[RECORDS PROVIDED Boundary: Start]
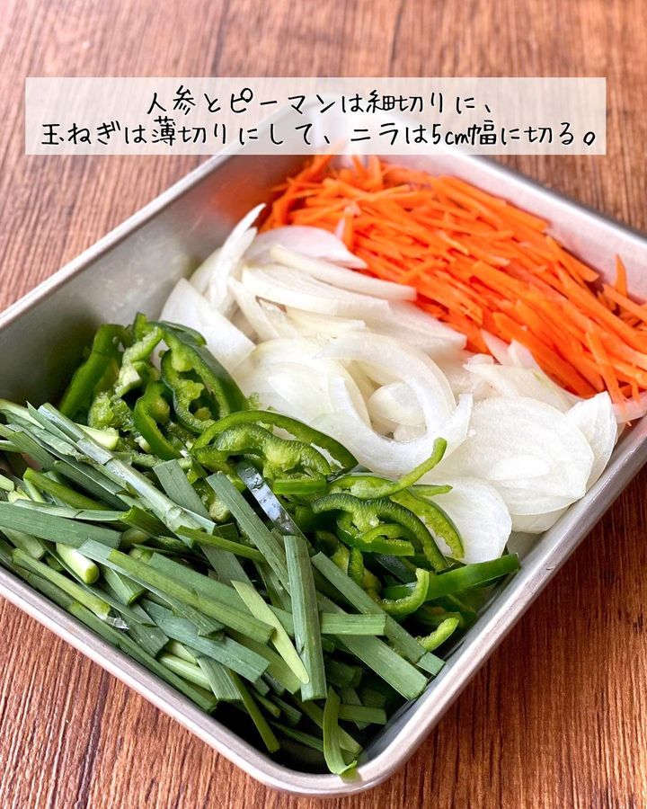 1. 牛薄切り肉は細切りにする。人参とピーマンは細切りに、玉ねぎは薄切りにして、ニラは5cm幅に切る。糸こんにゃくは熱湯で3分茹でて水を切り、食べやすい長さに切っておく。
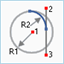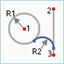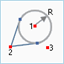 Creates a circular arc or full circle of radius R2 tangent to an outer circle and a line passing through P2 and P3. The outer circle is of radius R1, centred at P1, and lies on the plane defined by P1, P2 and P3.
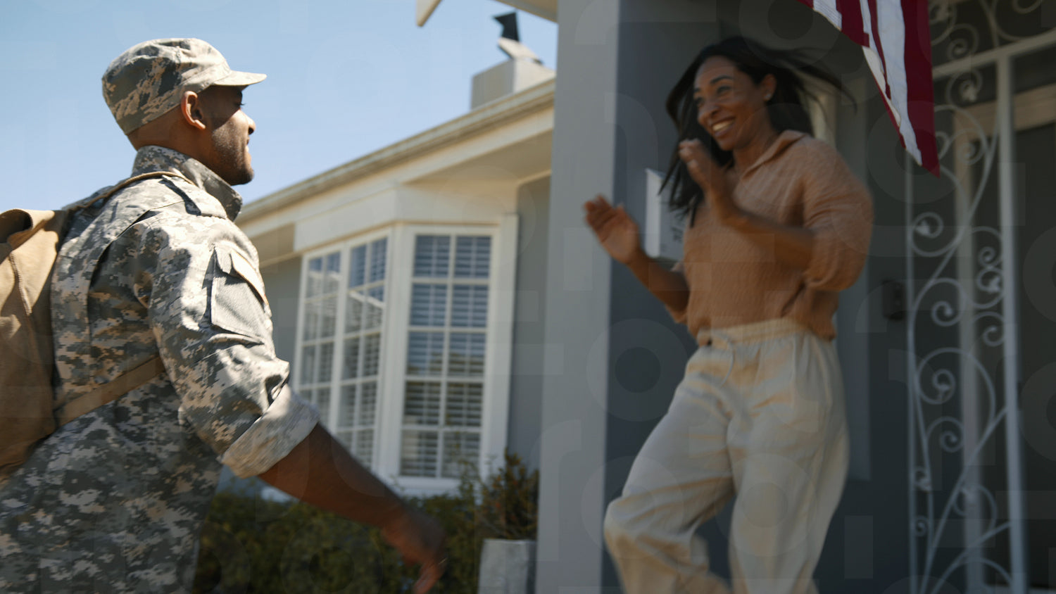 Excited military wife reunites with her husband on his surprise homecoming. Woman jumping to embrace her husband in his camouflage attire, giving him a warm welcome home after his deployment in the US Army.
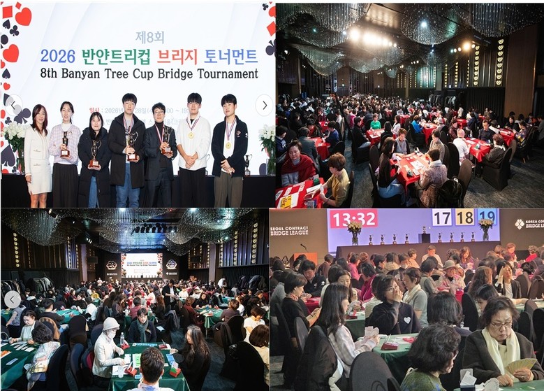 (상단좌측: (사진 좌측부터) 김혜영 회장, 조문주ㆍ한벼리 연양초 교사, 김경민 전무, 김경용 회장, 신시율ㆍ이정찬 학생 시상 장면, 상단우측: 제8회 반얀컵 브리지 토너먼트’의 경기 현장 모습, 하단좌측: 제8회 반얀컵 브리지 토너먼트’의 경기 현장 모습2, 하단우측: 뜨거운 경기 현장 모습)
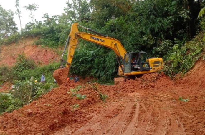 Sukabumi – Akibat diguyur hujan terus-menerus dengan intensitas cukup tinggi di wilayah selatan Sukabumi, akses jalan Pal Tiga–Tamanjaya tertutup material longsoran berupa tanah dan pohon tumbang, sehingga akses jalan sempat lumpuh.
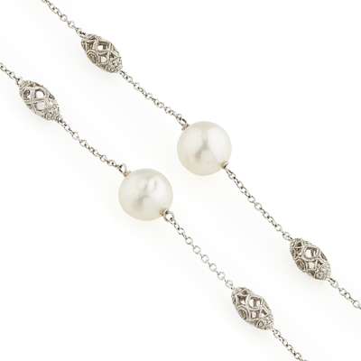 A South Sea pearl and diamond set necklace
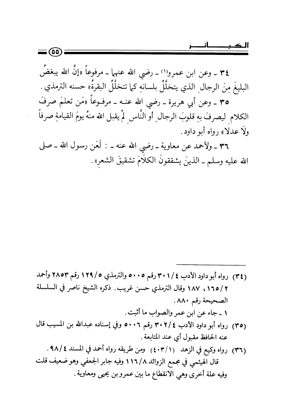 (34) رواه أبو داود الأدب 4 / 301 رقم 5005 والترمذي 5 / 129 رقم 2853 وأحمد 2 / 165، 187 وقال الترمذي حسن غريب. ذكره الشيخ ناصر في السلسلة الصحيحة رقم 880.
[RECORDS PROVIDED Boundary: End]
▶ ASSIGNMENT
With the pictures left out, copy exactly the lines from the one containing "Excited military wife" through the last line of the data.

▶ EXERCISE RESPONSE
 Excited military wife reunites with her husband on his surprise homecoming. Woman jumping to embrace her husband in his camouflage attire, giving him a warm welcome home after his deployment in the US Army.
 (상단좌측: (사진 좌측부터) 김혜영 회장, 조문주ㆍ한벼리 연양초 교사, 김경민 전무, 김경용 회장, 신시율ㆍ이정찬 학생 시상 장면, 상단우측: 제8회 반얀컵 브리지 토너먼트’의 경기 현장 모습, 하단좌측: 제8회 반얀컵 브리지 토너먼트’의 경기 현장 모습2, 하단우측: 뜨거운 경기 현장 모습)
 Sukabumi – Akibat diguyur hujan terus-menerus dengan intensitas cukup tinggi di wilayah selatan Sukabumi, akses jalan Pal Tiga–Tamanjaya tertutup material longsoran berupa tanah dan pohon tumbang, sehingga akses jalan sempat lumpuh.
 A South Sea pearl and diamond set necklace
 (34) رواه أبو داود الأدب 4 / 301 رقم 5005 والترمذي 5 / 129 رقم 2853 وأحمد 2 / 165، 187 وقال الترمذي حسن غريب. ذكره الشيخ ناصر في السلسلة الصحيحة رقم 880.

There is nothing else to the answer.